Kingdom righteousness in the context of divorce | Matthew 5:31-32

In his continuing commentary on embodying kingdom righteousness, Jesus turns to the topic of divorce, saying “It was said ‘Whoever sends his wife away, let him give her a certificate of divorce’…”

This is a partial quotation of Deuteronomy 24:1 which says “When a man takes a wife and marries her, and it happens if she finds no favor in his eyes because he has found some indecency in her, and he writes her a certificate of divorce and puts it in her hand and sends her out from his house…”

This was not a part of the original law God gave to the Israelites. When Moses repeated the law to the people near the end of his life, knowing their stubbornness, he made this allotment for divorce. Before Jesus’ time, a debate had developed around this passage as two leading Pharisees, Hilell and Shammai, differed on how to interpret. Hilell asserted “if she finds no favor in his eyes” meant that men could divorce their wives for any displeasing reason, such as burning toast! Shammai, however, stipulated that phrase was contingent upon her “indecency”, or sexually immoral or adulterous acts she may have committed. Hillel and Shammai’s differing interpretations framed this debate for generations; eventually prevailing opinion during Jesus’ time and the future sided with Hilell, asserting a man could divorce his wife for almost any displeasure.

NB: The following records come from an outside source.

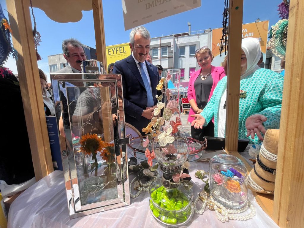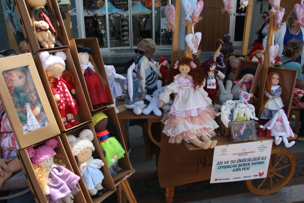 Edirne’de Hayat Boyu Öğrenme Haftası kutlama etkinlikleri kapsamında, Edirne Halk Eğitim Merkezi başta olmak üzere kentte faaliyet gösteren çeşitli kurumların açtığı kurslara katılan kursiyerlerin ürettikleri ürünler, Saraçlar Caddesi’nde sergilendi.
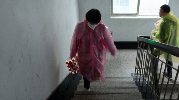 教师志愿者到达所负责学生公寓,待集散点位负责人领取相关物资后,教师志愿者分发物资至各学生寝室门口。
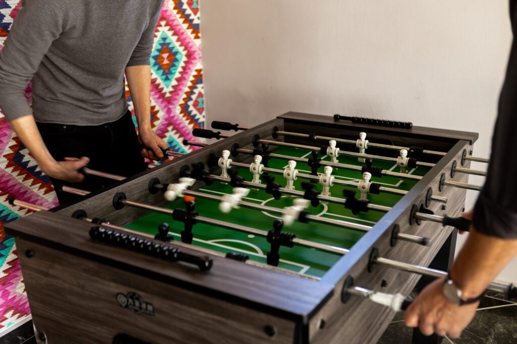 Kaja előtt és után az épület másik felében lévő, még nagyobb különteremben töltöttük az időt, rendezhettünk volna egy kisebb bált is, de mi inkább csocsóztunk, társasoztunk, zenét hallgattunk.
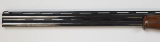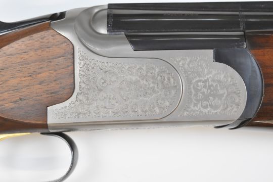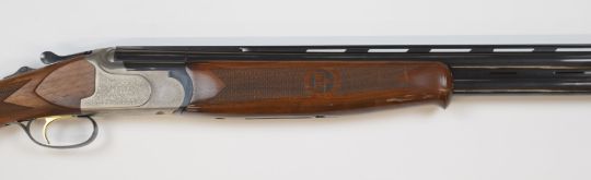 Lanber 12 bore over and under ejector shotgun with engraved locks, trigger guard, underside and thumb lever, chequered semi-pistol grip and forend, vented top and central ribs, single trigger and 30 inch multi-choke barrels, overall length 1120cm, length of pull 36.5cm, serial number 13-03-08544-03. PLEASE NOTE THAT A VALID RELEVANT FIREARMS/SHOTGUN CERTIFICATE IS REQUIRED TO HANDLE/PURCHASE THIS ITEM.
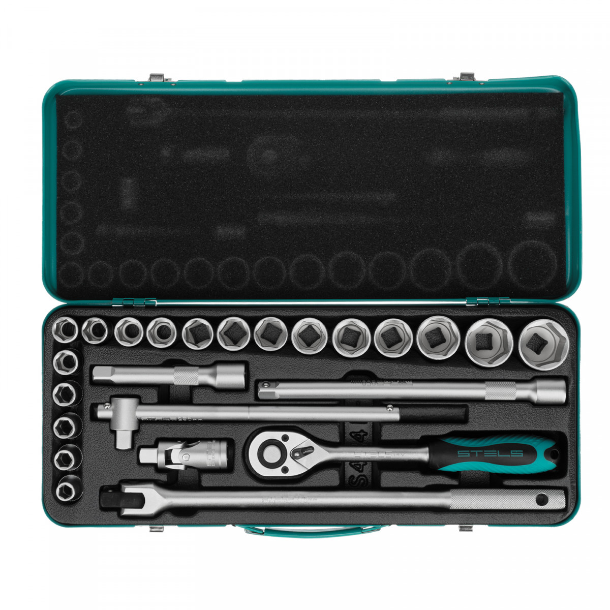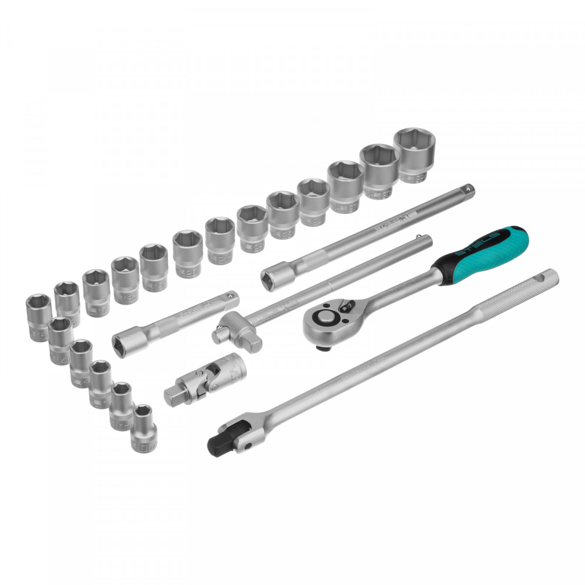 Набор торцевых головок с трещоткой 1/2", 24 предмета Stels
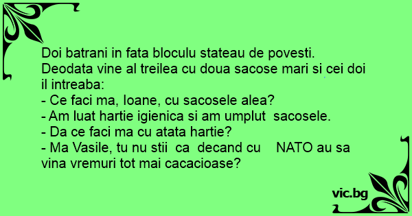 - Ma Vasile, tu nu stii ca decand cu NATO au sa vina vremuri tot mai cacacioase?
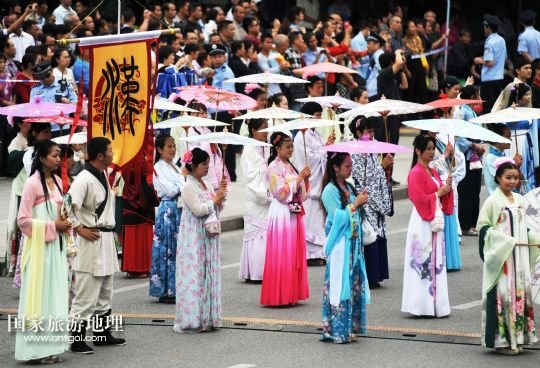 9月30日,巡游隊伍在廣西柳州市駕鶴路上展示漢服。
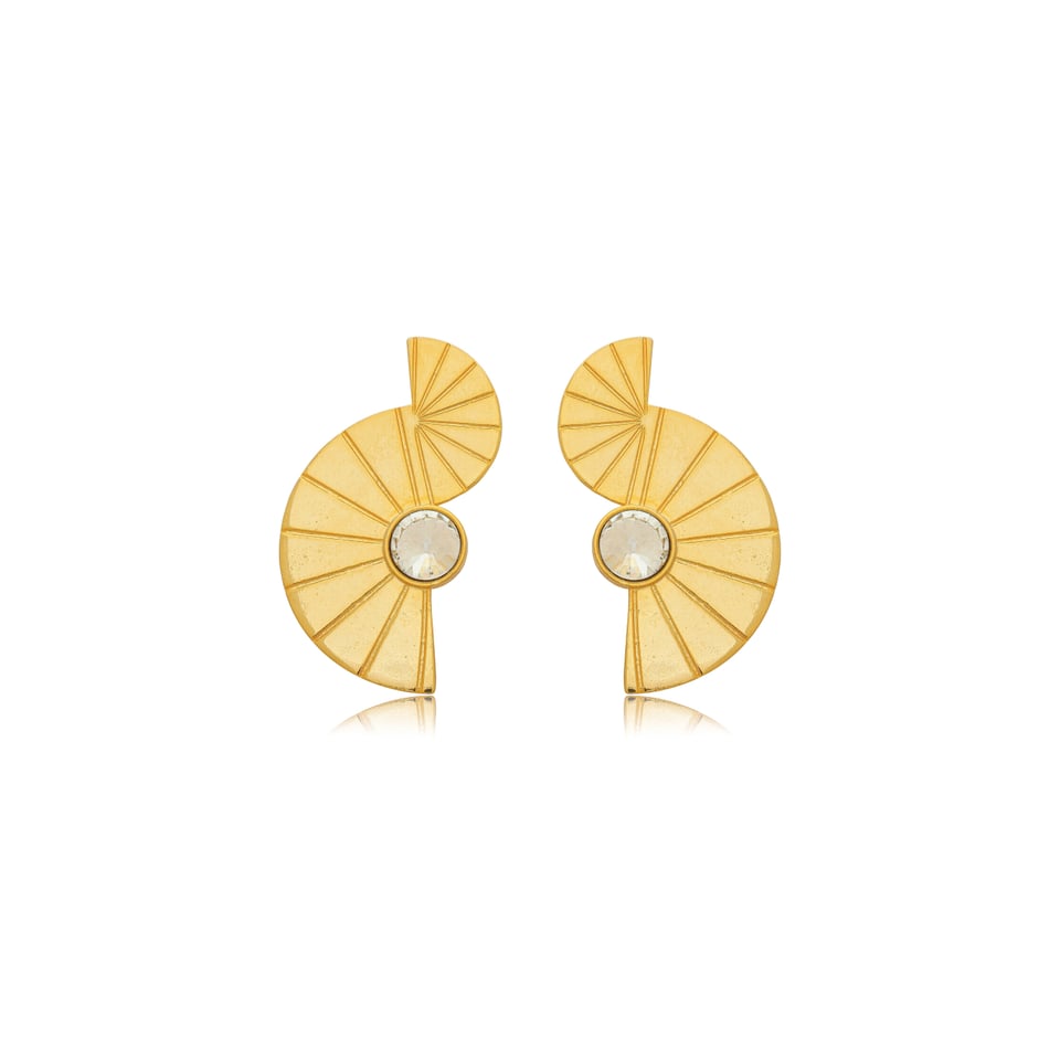 Brinco banho dourado com aplicação de cristal redondo na cor branco (cristal).

In a sense, this popular interpretation modified Deuteronomy 24:1 with user-friendliness to enable men to get their way should their marriages not be working out how they preferred, making satisfaction of the self the center of how they understood marriage. It was an understanding Jesus would correct. He continued “but I say to you that everyone who divorces his wife, except for the reason of unchastity, makes her commit adultery; and whoever marries a divorced woman commits adultery.”

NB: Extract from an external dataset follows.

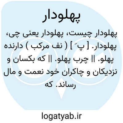 ( صفت ) ۱- دارند. پهلو:دارند. جانب. ۲- چرب پهلو پهلو چرب. ۳- آنکه بکسان و نزدیکان خود نعمت و مال رساند کسی که بزیز دستان خود سود رساند: روزگاریست ز ابنای زمان غیر سخن هیچکس را نشنیدم که بود پهلو دار. ( ظهوری ) ۴- واحدی از سربازان که در طرفین ( راست و چپ ) عمده قوی مامور مراقبت و نگهبانی هستند. یاحرف ( سخن کلام ) پهلو دار. سخنی که گزندگی و دشنامی در ضمن داشته باشد کلامی متضمن معنیی تند و گزنده: گر گشایی در چمن بند قبا گاه خرام بشنوی از لاله و گل حرف پهلو دار سرد. ( اسیر.لغ. ) یا عیش پهلو دار.عش ثابت و پایدار: غم بسی را کرده صاحب دستگاه پشت کس بر عیش پهلو دار نیست. ( ظهوری )
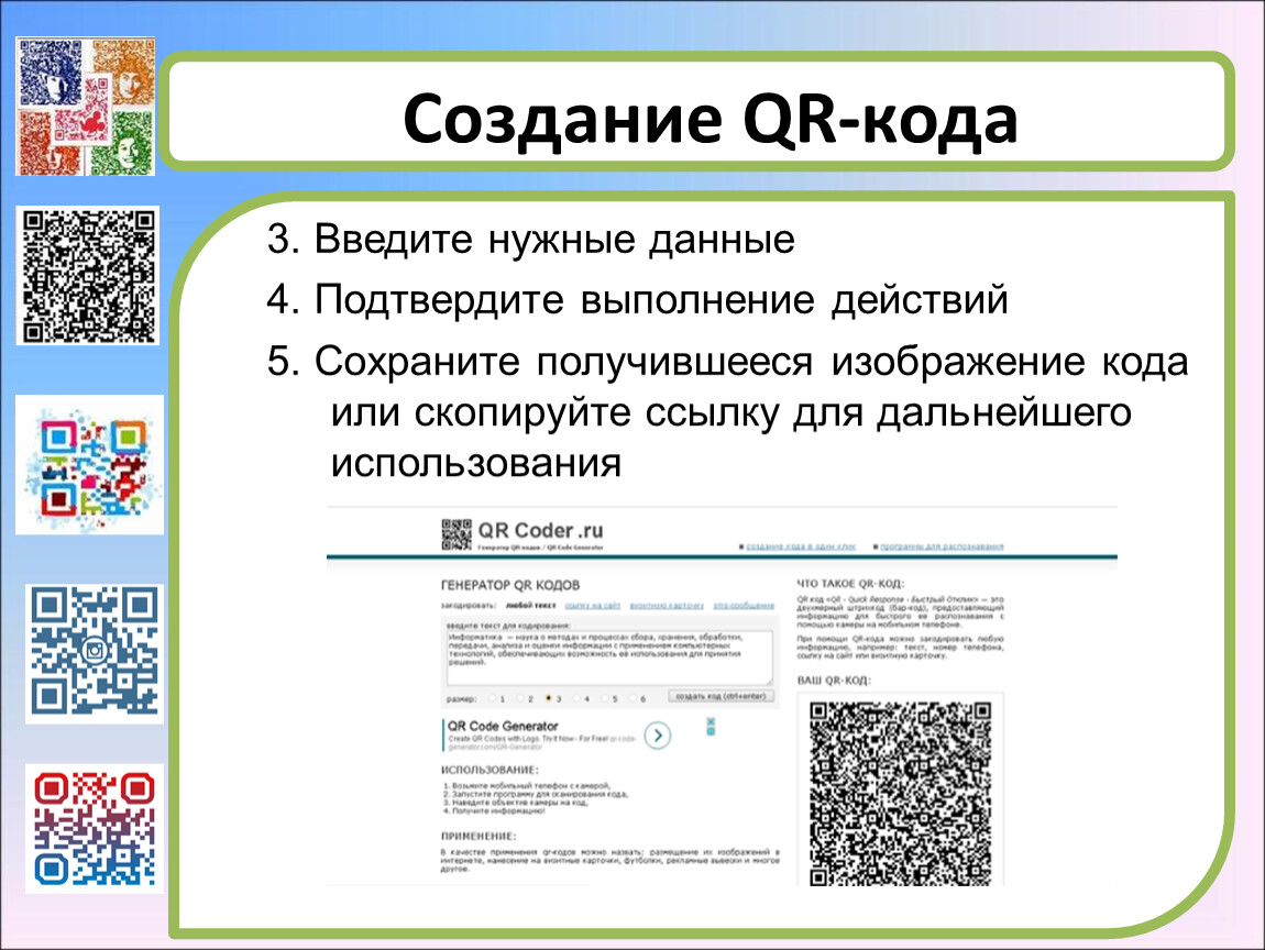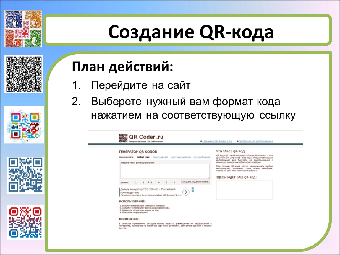 Создание собственных QR-кодов, содержащих различную информацию, на сайте qrcoder.ru

Notice how Jesus shifts the conversation focus away from Moses’ allowance of divorce or the presumed cultural acceptance of divorce to the adultery or corruption it induces. Exactly what is it about marriage that divorce corrupts?

An extensive Scriptural discussion, of Ephesians 5:22-33 in particular, reveals marriages are designed to project the redemptive relationship between Christ and his redeemed people, the church. As God subjects all of life to his kingdom reality, which includes the redemption of roles and relationships, marriages are now portrayals and practicums through which kingdom reality is learned and understood. Husbands and wives are to embody their roles as depictions of kingdom righteousness, “so that He might sanctify her…that she would be holy and blameless.” Men learn to be husbands by loving their wives as Christ loved the church; women learn to be wives by responding to this Christ-centered love as those sanctified for Christ-centered service. Husbands and wives learn to serve Christ by serving each other; they learn to be the church by serving each other. Their marriage proclaims the redemptive reality of Christ and his church in how they serve each other. The sacred oneness in marriage is everyday covenant exercise for abiding in sanctified oneness with God.

Divorce corrupts this sanctification. Wives in this time and culture normally needed a husband in order to survive; being divorced by her husband would likely cause her to remarry, corrupting the sanctified oneness she had been cultivating in her first marriage. And if the husband remarried, he also would be corrupting the sanctified oneness he was to cultivate in his marriage to the wife he had divorced. To Jesus, corrupting the sanctification of a spouse or our own sanctification was reason enough to not get divorced.

This seems to be the only point Jesus wishes to underscore with his divorce comments. While this cultural debate fixated on divorce and what its legitimate reasons were, Jesus is restoring sanctification to the heart of marriage. The goal of marriage is not to avoid divorce; the goal is to embody kingdom righteousness in every aspect of your marriage.

We go into and through marriage with a lot of hopes and expectations, many of which either don’t work out or go a lot differently than imagined. We eventually come upon the realization that marriage does not completely satisfy. Sometimes we resist that realization, sometimes we adjust to the disappointments, and sometimes we begin to consider divorce as a gateway to starting anew. Jesus wants us to see our marriages in view of what God wants to do through them. Scripture frames marriage as a form of discipleship, a communal context in which we cultivate the holy character of Christ. Marriages are a wonderful opportunity to experience satisfaction, but they exist to bring us into sanctification.

Marriage teaches us how to be the church. Being the church starts and is sustained at home, when husbands and wives put Christ and his holy character at the center of how they actually do marriage. That means husbands letting their Self be crucified in order to lead and serve his family in the likeness of Jesus. That means the wife following the lead of her crucified servant husband, participating in the good works they live out together. As they do life together, sanctification shapes their relationship to proclaim the redemption Christ is cultivating amongst his church, the reality in which God wants all relationships to be rooted.